Irial Mac Murchu is the man behind the brilliant Laochra Gael on TG4

Irial Mac Murchu is the man behind the brilliant Laochra Gael on TG4

"At the time it was mostly GAA club and league games we were covering," he tells, "which meant we had no work for our staff over the summer months. We wanted to provide full-time work for them, so I approached TG4 with the idea of a doing a documentary series on former players and managers."

By then, Nemeton and TG4 had already established a fruitful working relationship, stretching back to the station's launch in 1996.

Never in his wildest dreams did Mac Murchú imagine that two decades later the series would become one of the most watched programmes on the station, now in its 19th series. By the time the current series has completed its six-week run at the end of the month, 178 documentaries will have been broadcast since 2001.

"I will never forget the first discussion with TG4," he adds. "They were looking for a long-running GAA documentary series whereas I thought we might get 10 episodes out of it."

And the remit of the programme hasn't changed over the years, according to TG4's head of sport Rónán Ó Coisdealbha.

"We're interested in the subject's personal stories as much as what they did on the pitch. It's not just about winning All-Ireland medals. We've done an awful lot of people who never won an All-Ireland medal. It's about their journey from when they started playing until the present day."
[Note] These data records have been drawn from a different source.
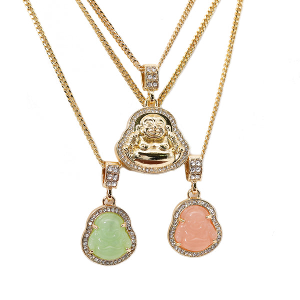 14k Gold Plated Light Pink, Light Green Buddha 3 Pendant Cubic-Zirconia 30 30 24 Cuban Chain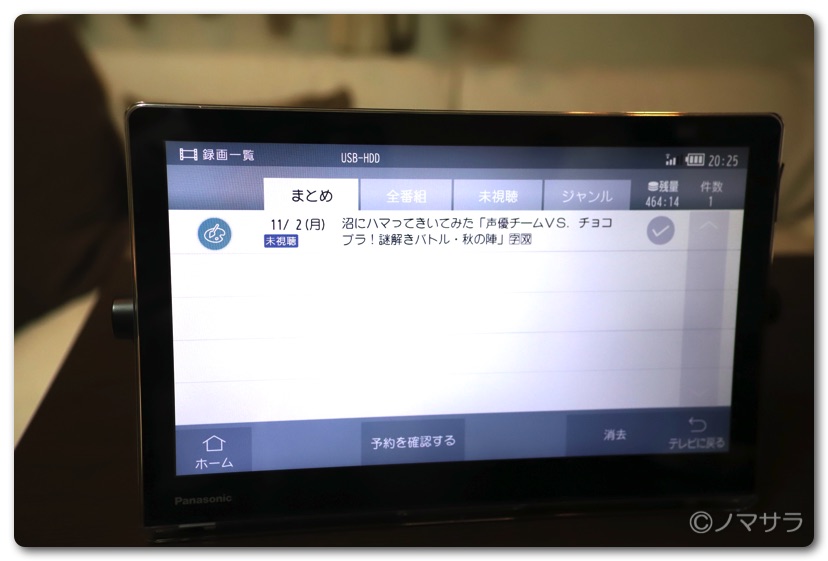 チューナーにUSB-HDDを繋げば番組を録画することができます。ただしWチューナーではないので裏番組録画はできません。今回はSeagateの1TBのHDDを購入して接続しましたが簡単に認識されました。圧縮して録画されるため460時間以上番組を録画できます。これだけあればまず足りなくなることはないでしょう。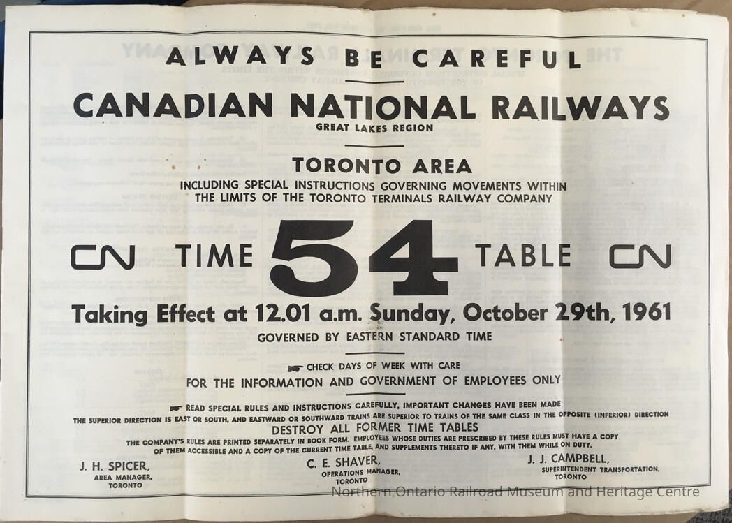 Canadian National Railways, Great Lakes Region, Toronto Area, including special instructions governing movements within the limits of the Toronto Terminals Railway Company, CN, Timetable 54, 1961Entry/Object ID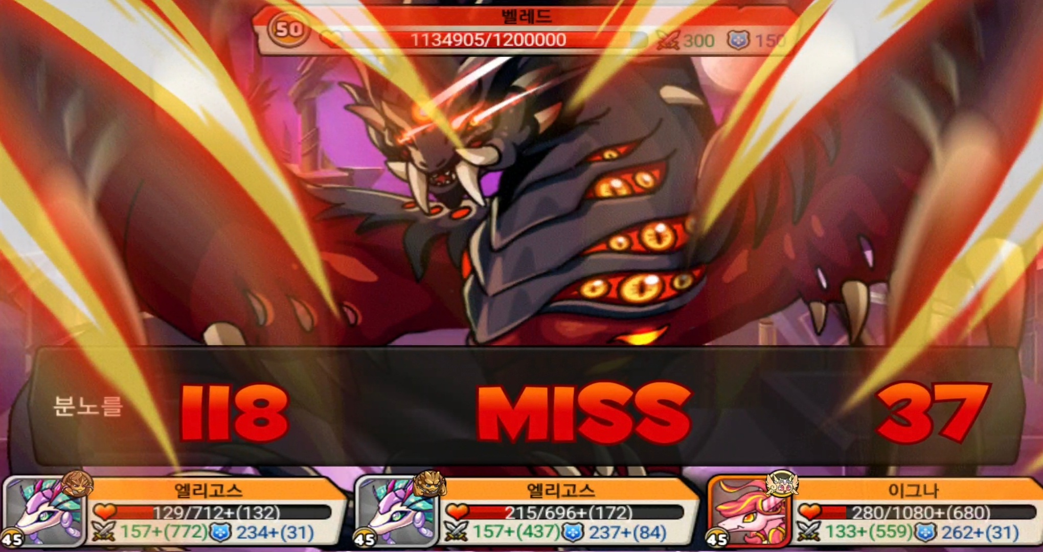 균등하게 체력이 깎이며 딜을 넣는 모습을 볼 수 있습니댜.

The decision in 2018 to extend the show from 30 to 60 minutes helped solidify its reputation, continues Ó Coisdealbha: "Trying to fit a person's whole career into a half an hour was very difficult. The hour-long format is much better. We get a better picture and the audience prefer the longer format."

Trust, believes Mac Murchú, is the key to the programme's enduring success.

"We never once abused that trust," he says. "If somebody told us something and later had second thoughts about what they said, we whip it out straight away. Therefore, we can now attract the biggest ex-stars to the programme. They know what we are about."

He remembers, in particular, the episode featuring Kerry footballer Kieran Donaghy, in which he spoke about the difficult relationship he had with his late father, as well as the ones with Kilkenny hurlers Jackie Tyrrell and Henry Shefflin.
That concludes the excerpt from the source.